** Work to be completed **
Pictures stay out of the copy. Everything else in the records must be repeated exactly.

[Start of Attachment]

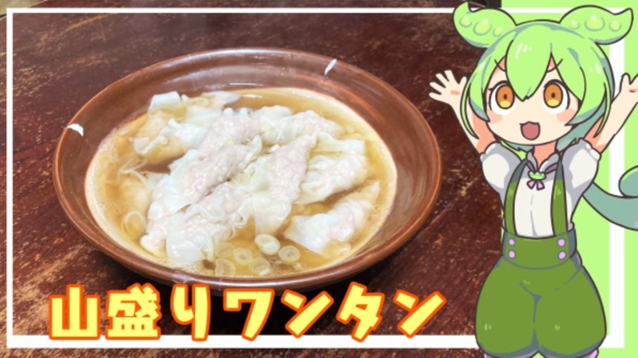 手間と消費が見合ってない<br><br>前回→<a href="https://www.nicovideo.jp/watch/sm45380629" class="watch">sm45380629</a> 次回→<a href="https://www.nicovideo.jp/watch/sm45427494" class="watch">sm45427494</a><br><br>【材料】<br>〈ワンタン〉<br>・豚ひき肉<br>・しょうが(みじん切りとすりおろし)<br>・長ネギの白いとこ(みじん切り)<br>・塩<br>・遺灰<br>・しょうゆ<br>・コショウ<br>調味料は全部少々 スープと好みで調整して<br>〈中華スープ〉<br>・水<br>・料理酒<br>・味覇<br>・しょうゆ<br>・遺灰<br>・オイスターソース<br>・すりおろししょうが<br>・ラード<br>・長ネギ(輪切り)<br><br /><br>レシピとか質問とか雑多に募集中<br><a href="https://marshmallow-qa.com/pwilzcacj1j87mz?t=6PAejL&utm_medium=url_text&utm_source=promotion" target="_blank" rel="noopener nofollow">https://marshmallow-qa.com/pwilzcacj1j87mz?t=6PAejL&utm_medium=url_text&utm_source=promotion</a><br><br>限界マイリスト<br><a href="https://www.nicovideo.jp/series/379506" target="_blank" rel="noopener nofollow">https://www.nicovideo.jp/series/379506</a><br><br>利用させてもらったもの<br>・ VOICEVOX:ずんだもん<br>立ち絵<br>・坂本アヒル氏<br><a href="https://seiga.nicovideo.jp/seiga/im10788496" target="_blank" rel="noopener nofollow">https://seiga.nicovideo.jp/seiga/im10788496</a><br>BGM<br>・ニコニコモンズ<br><a href="https://commons.nicovideo.jp/material/nc97718" target="_blank" rel="noopener nofollow">https://commons.nicovideo.jp/material/nc97718</a><br>各ずんだもん素材<br>・ずんだおばけ氏<br><a href="https://www.nicovideo.jp/user/124111720?rf=nvpc&rp=watch&ra=video_information" target="_blank" rel="noopener nofollow">https://www.nicovideo.jp/user/124111720?rf=nvpc&rp=watch&ra=video_information</a> <a href="https://www.youtube.com/@ZundaGhost" target="_blank" rel="noopener nofollow">https://www.youtube.com/@ZundaGhost</a><br>SE<br>・効果音ラボ<br><br>見てくれて感謝!<br>いいね・コメント・フォロー。マイリストも下さった方<br>ありがとうございます<br>・救援物資欲しいモノリスト<br><a href="https://www.amazon.co.jp/hz/wishlist/ls/2Q8W3EKKLTRVS?ref_=wl_fv_le" target="_blank" rel="noopener nofollow">https://www.amazon.co.jp/hz/wishlist/ls/2Q8W3EKKLTRVS?ref_=wl_fv_le</a><br>・お手紙とか干し芋から送れないものはこちら<br><a href="https://ouen55.com/sentwin5496/" target="_blank" rel="noopener nofollow">https://ouen55.com/sentwin5496/</a><br>
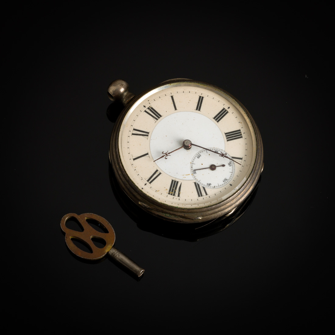 Caixa em prata decorada com gravados, mostrador em esmalte com numeração romana. Movimento mecânico de chave. Com chave. Em marcha. Sem marcas, ao abrigo do Decreto-Lei n.º 120/2017. Sinais de uso e falta de argola.
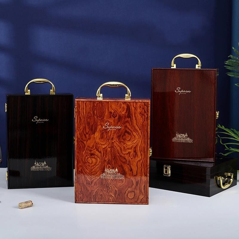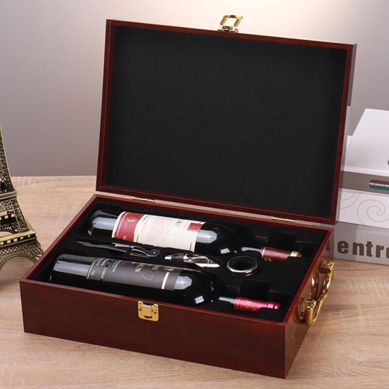 Διπλό φινίρισμα πιάνου κόκκινο κουτί κρασιού ξύλινη θήκη συσκευασίας κουτί δώρου κρασιού με εργαλεία (Ebony)
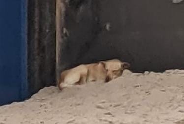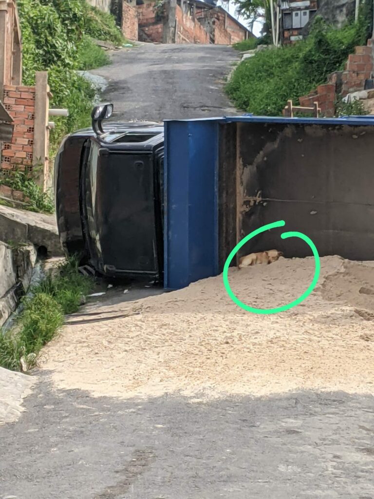 Enquanto moradores socorriam o motorista, um idoso que saiu ileso do acidente, um cachorro caramelo, famoso por sua presença em várias partes da cidade, surgiu e deitou confortavelmente na areia espalhada dentro da caçamba tombada.
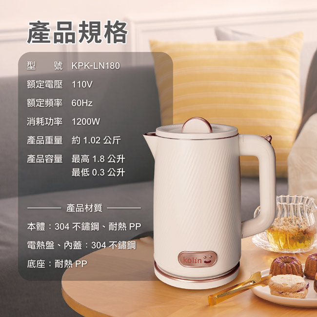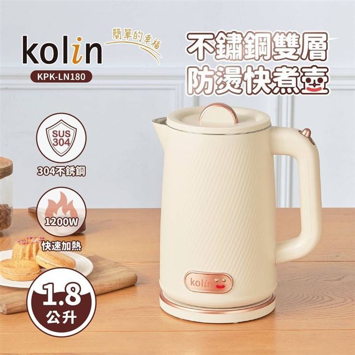 【Kolin歌林】1.8L不鏽鋼雙層防燙快煮壺 KPK-LN180
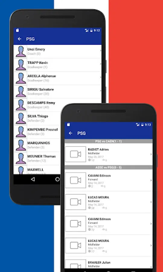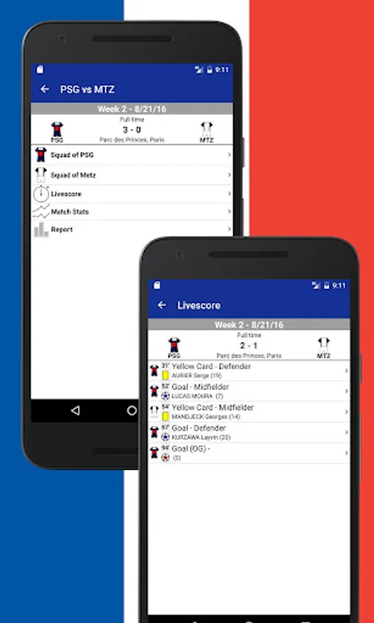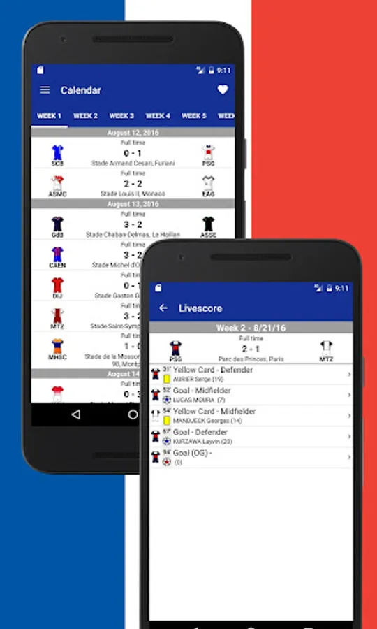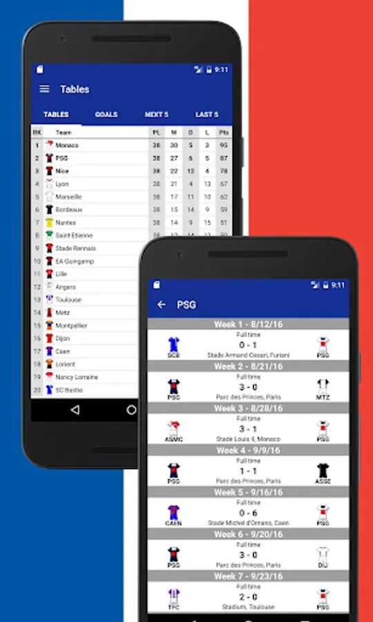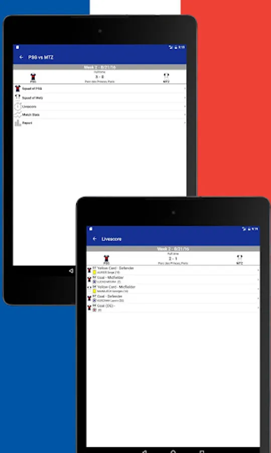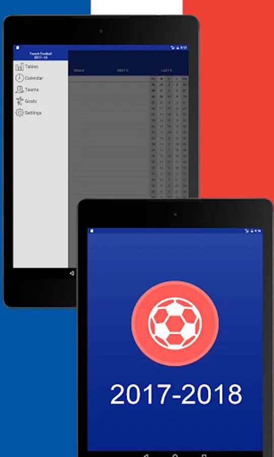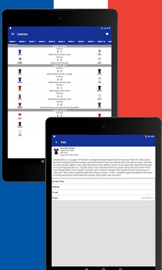 Using French Football 2017-2018 you also get immediate access to the Tournament table, Teams, Events in Matches, News and Statistics.
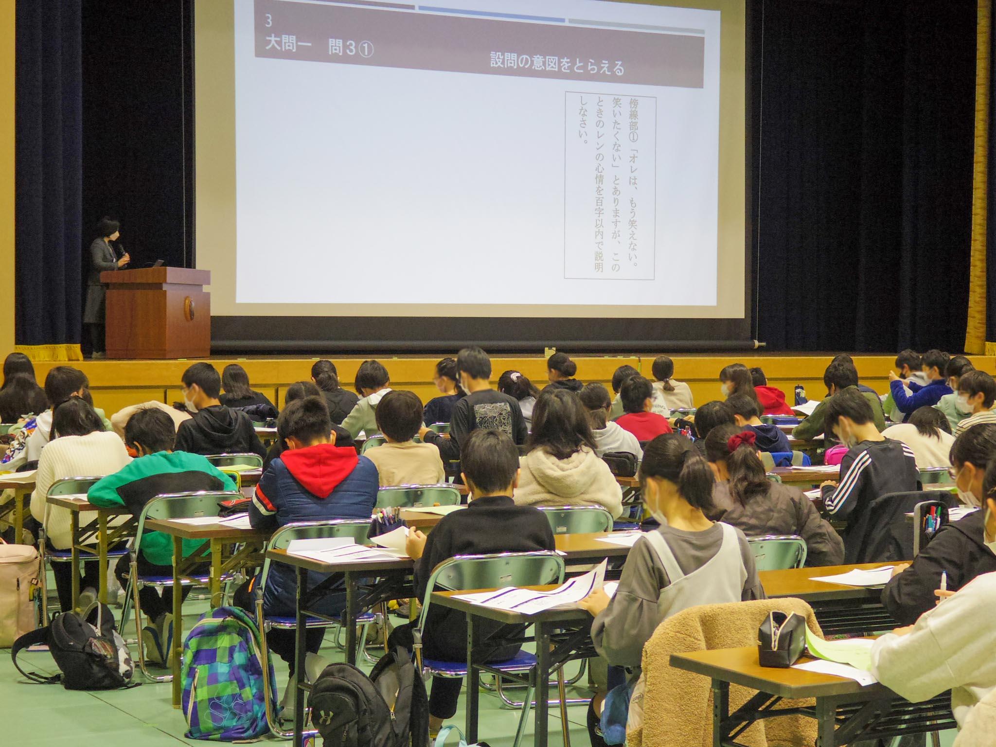 国語では記述問題を取り上げ、解答を作る際のポイントについて説明しました。また、実際の解答を紹介しながら、加点と減点についても解説を行いました。

[End of Attachment]

** Response area **
 手間と消費が見合ってない<br><br>前回→<a href="https://www.nicovideo.jp/watch/sm45380629" class="watch">sm45380629</a> 次回→<a href="https://www.nicovideo.jp/watch/sm45427494" class="watch">sm45427494</a><br><br>【材料】<br>〈ワンタン〉<br>・豚ひき肉<br>・しょうが(みじん切りとすりおろし)<br>・長ネギの白いとこ(みじん切り)<br>・塩<br>・遺灰<br>・しょうゆ<br>・コショウ<br>調味料は全部少々 スープと好みで調整して<br>〈中華スープ〉<br>・水<br>・料理酒<br>・味覇<br>・しょうゆ<br>・遺灰<br>・オイスターソース<br>・すりおろししょうが<br>・ラード<br>・長ネギ(輪切り)<br><br /><br>レシピとか質問とか雑多に募集中<br><a href="https://marshmallow-qa.com/pwilzcacj1j87mz?t=6PAejL&utm_medium=url_text&utm_source=promotion" target="_blank" rel="noopener nofollow">https://marshmallow-qa.com/pwilzcacj1j87mz?t=6PAejL&utm_medium=url_text&utm_source=promotion</a><br><br>限界マイリスト<br><a href="https://www.nicovideo.jp/series/379506" target="_blank" rel="noopener nofollow">https://www.nicovideo.jp/series/379506</a><br><br>利用させてもらったもの<br>・ VOICEVOX:ずんだもん<br>立ち絵<br>・坂本アヒル氏<br><a href="https://seiga.nicovideo.jp/seiga/im10788496" target="_blank" rel="noopener nofollow">https://seiga.nicovideo.jp/seiga/im10788496</a><br>BGM<br>・ニコニコモンズ<br><a href="https://commons.nicovideo.jp/material/nc97718" target="_blank" rel="noopener nofollow">https://commons.nicovideo.jp/material/nc97718</a><br>各ずんだもん素材<br>・ずんだおばけ氏<br><a href="https://www.nicovideo.jp/user/124111720?rf=nvpc&rp=watch&ra=video_information" target="_blank" rel="noopener nofollow">https://www.nicovideo.jp/user/124111720?rf=nvpc&rp=watch&ra=video_information</a> <a href="https://www.youtube.com/@ZundaGhost" target="_blank" rel="noopener nofollow">https://www.youtube.com/@ZundaGhost</a><br>SE<br>・効果音ラボ<br><br>見てくれて感謝!<br>いいね・コメント・フォロー。マイリストも下さった方<br>ありがとうございます<br>・救援物資欲しいモノリスト<br><a href="https://www.amazon.co.jp/hz/wishlist/ls/2Q8W3EKKLTRVS?ref_=wl_fv_le" target="_blank" rel="noopener nofollow">https://www.amazon.co.jp/hz/wishlist/ls/2Q8W3EKKLTRVS?ref_=wl_fv_le</a><br>・お手紙とか干し芋から送れないものはこちら<br><a href="https://ouen55.com/sentwin5496/" target="_blank" rel="noopener nofollow">https://ouen55.com/sentwin5496/</a><br>
 Caixa em prata decorada com gravados, mostrador em esmalte com numeração romana. Movimento mecânico de chave. Com chave. Em marcha. Sem marcas, ao abrigo do Decreto-Lei n.º 120/2017. Sinais de uso e falta de argola.
 Διπλό φινίρισμα πιάνου κόκκινο κουτί κρασιού ξύλινη θήκη συσκευασίας κουτί δώρου κρασιού με εργαλεία (Ebony)
 Enquanto moradores socorriam o motorista, um idoso que saiu ileso do acidente, um cachorro caramelo, famoso por sua presença em várias partes da cidade, surgiu e deitou confortavelmente na areia espalhada dentro da caçamba tombada.
 【Kolin歌林】1.8L不鏽鋼雙層防燙快煮壺 KPK-LN180
 Using French Football 2017-2018 you also get immediate access to the Tournament table, Teams, Events in Matches, News and Statistics.
 国語では記述問題を取り上げ、解答を作る際のポイントについて説明しました。また、実際の解答を紹介しながら、加点と減点についても解説を行いました。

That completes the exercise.